In a case in which, as a result of reflection of change details in data, the value becomes a value that does not need to be compared with the other data anymore, the memory control part may exclude the data as invalid data from the data stream.

In a case in which the stored comparison target value becomes a value that does not need to be compared with other data anymore, the comparison update part may perform through output of the data without performing comparison/update.

The comparison update part may receive a comparison/update execution/non-execution determination signal in synchronization with stream data as its input and perform comparison/update of the data only when the comparison/update execution/non-execution determination signal indicates execution.

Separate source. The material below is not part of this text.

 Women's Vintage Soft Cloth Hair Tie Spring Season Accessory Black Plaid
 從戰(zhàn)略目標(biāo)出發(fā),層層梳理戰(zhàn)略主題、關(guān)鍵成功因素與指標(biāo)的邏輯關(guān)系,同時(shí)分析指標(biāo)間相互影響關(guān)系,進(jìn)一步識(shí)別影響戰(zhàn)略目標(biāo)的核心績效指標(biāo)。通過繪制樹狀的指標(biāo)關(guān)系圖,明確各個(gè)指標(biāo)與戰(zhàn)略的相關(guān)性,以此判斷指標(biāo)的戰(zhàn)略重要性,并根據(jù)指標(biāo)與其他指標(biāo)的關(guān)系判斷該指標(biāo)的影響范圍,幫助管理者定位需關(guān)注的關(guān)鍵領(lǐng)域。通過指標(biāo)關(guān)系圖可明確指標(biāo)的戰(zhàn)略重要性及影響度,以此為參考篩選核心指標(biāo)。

The information set may be an information set formed from a feature quantity of a subject in a subject estimating process of a later stage of a CNN using deep learning, each information set may include class reliability information having independent elements of M dimensions, the arithmetic operation processing device may further include a position/size information storage buffer in which a position and a size of a detected subject are stored having 1:1 correspondence with the class reliability information, in which the comparison/update performed by the comparison update part may be an operation of comparing values of the class reliability information for each dimension and substituting a smaller value with zero, zero information stored in the zero information buffer may be information that can be used for determining whether or not a value of the class reliability information for each dimension is zero, and the comparison update part may calculate an IOU that is a numerical value representing an overlapping degree of frames from the position/size information corresponding to the class reliability information to be compared and perform comparison/update only when the IOU is equal to or greater than a predetermined threshold.

The zero information stored in the zero information buffer may be a flag in which a part in which the value of the class reliability information for each dimension is zero is set as 1, and the other parts are set as 0, and when all the zero information of the zero information buffer is 1, the memory control part may determine that comparison with other data is not necessary.

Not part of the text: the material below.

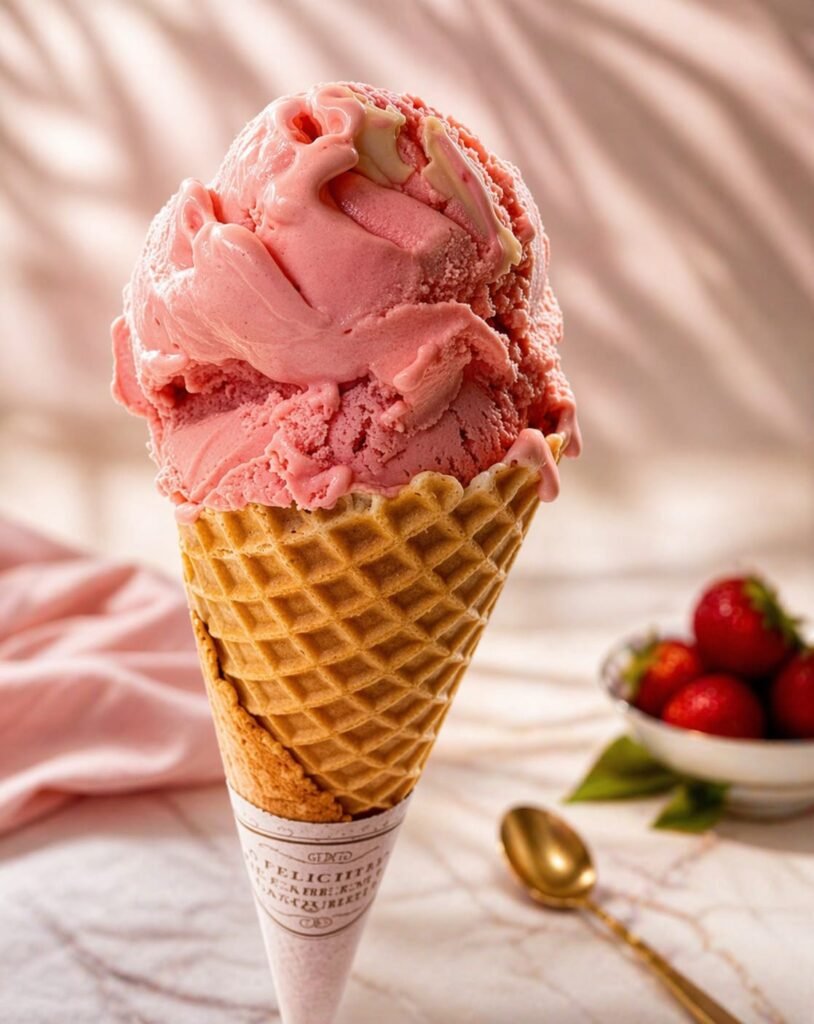 Base leite com creme de morango mesclado com creme de leite ninho italiano

According to each aspect of the present invention, a processing time of an arithmetic operation performing comparison of magnitudes of information sets can be shortened in an arithmetic operation processing device.

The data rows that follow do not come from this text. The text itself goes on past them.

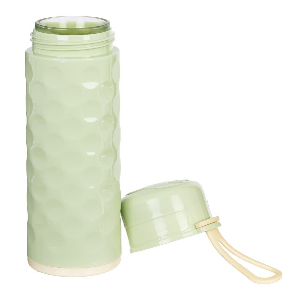 Стильная бутылка для напитков объемом 500 мл, выполненная из прочного стекла с защитной поверхностью из полимерных материалов. Корпус с геометрическим узором смотрится свежо и аккуратно, а широкое горлышко удобно для наливания воды, компота, холодного чая или лимонада. Плотная винтовая крышка из рифлёного пластика обеспечивает надежную герметичность и не скользит в руках; к ней прикреплён ремешок?петля для удобной переноски. Стекло не впитывает запахи и сохраняет вкус напитков, а полимерная оболочка смягчает удары и делает бутылку менее скользкой. Подходит для работы, учебы, прогулок и поездок. Легко мыть и приятно держать в руках. Современный, практичный аксессуар на каждый день. Представлено в четырех вариантах.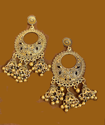 Representing a classic fusion of exquisite craftsmanship and feminine elegance, these gold tone jhumka earrings will definitely be a treasured inclusion in every woman's jewelry collection.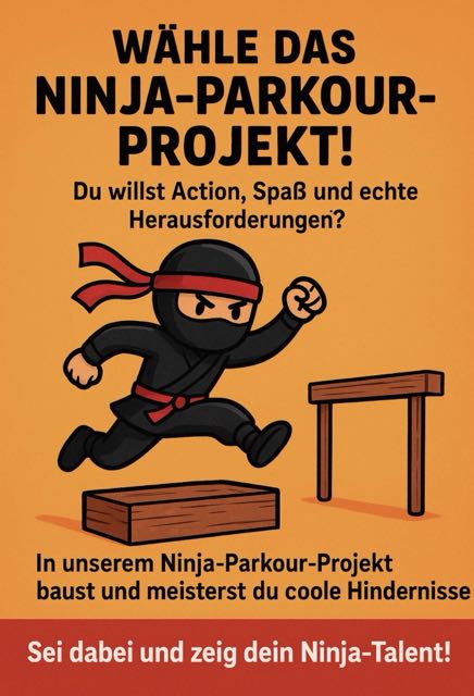 Du willst Action, Spaß und echte Herausforderungen? In unserem Ninja-Parkour-Projekt baust und meisterst du coole Hindernisse, trainierst Geschick und Schnelligkeit und wirst selbst zum Ninja. Gemeinsam schaffen wir einen spannenden Final-Parcours – für alle, die Abenteuer lieben!

BRIEF DESCRIPTION OF THE DRAWINGS

FIG. 1 is a diagram illustrating an example of a process of image recognition through deep learning using a CNN.

FIG. 2 is an image diagram acquiring an output feature map (oFM) from an input feature map (iFM) through a convolution process.

FIG. 3 is a diagram illustrating an example of details of an information set.

FIG. 4 is image data for which image recognition is performed.

FIG. 5 is an image acquired when all position information and size information of subjects extracted from an acquired information set are displayed on an image as frames.

FIG. 6 is a diagram illustrating an overlapping degree (IOU) of frames at the time of displaying position information and size information of subjects extracted from information sets on an image as frames.

FIG. 7 is a diagram illustrating an example in which three subjects A, B, and C are present in close formation in image data.

FIG. 8 is a diagram illustrating a result of a comparison update process of a case in which orders of the comparison/update are different.

FIG. 9 is a diagram illustrating a configuration of an information set.

FIG. 10 is a diagram illustrating a comparison update process of a first time according to a first embodiment of the present invention.

FIG. 11 is a diagram illustrating a comparison update process of a second time or a subsequent time according to the first embodiment of the present invention.

FIG. 12 is a diagram illustrating an example of a circuit (an arithmetic operation processing device) performing a parallel process according to the first embodiment of the present invention.

FIG. 13 is a timing diagram illustrating a data process in each comparison update part.

FIG. 14 is a diagram illustrating a comparison update process of a case in which all the elements of an information set are zero at the time of acquisition of data.

FIG. 15 is a diagram illustrating a comparison update process of a case in which all the elements of a target comparison value side become zero in the middle of the process.

FIG. 16 is a timing diagram illustrating a data process according to a second embodiment of the present invention.

FIG. 17 is a timing diagram illustrating a cycle of a data process.

FIG. 18 is a block diagram illustrating a class reliability determining part according to a third embodiment of the present invention.

FIG. 19 is a diagram illustrating an example of a reliability determination result acquired by a determination part.

FIG. 20 is a diagram illustrating an example of a timing diagram according to the third embodiment of the present invention.

DETAILED DESCRIPTION

In an information set, a class reliability part is extracted and is set as an array D[n]. Each D[n] has information of M dimensions (here, M is an integer equal to or greater than 0). When a process of comparing and updating a p-th element and a q-th element of D[n] is denoted by a function f(D[p], D[q]), the comparison update process becomes D[·] that is acquired after executing the following Equation (1). Every time the comparison update process is performed once, the elements of D[n] are updated.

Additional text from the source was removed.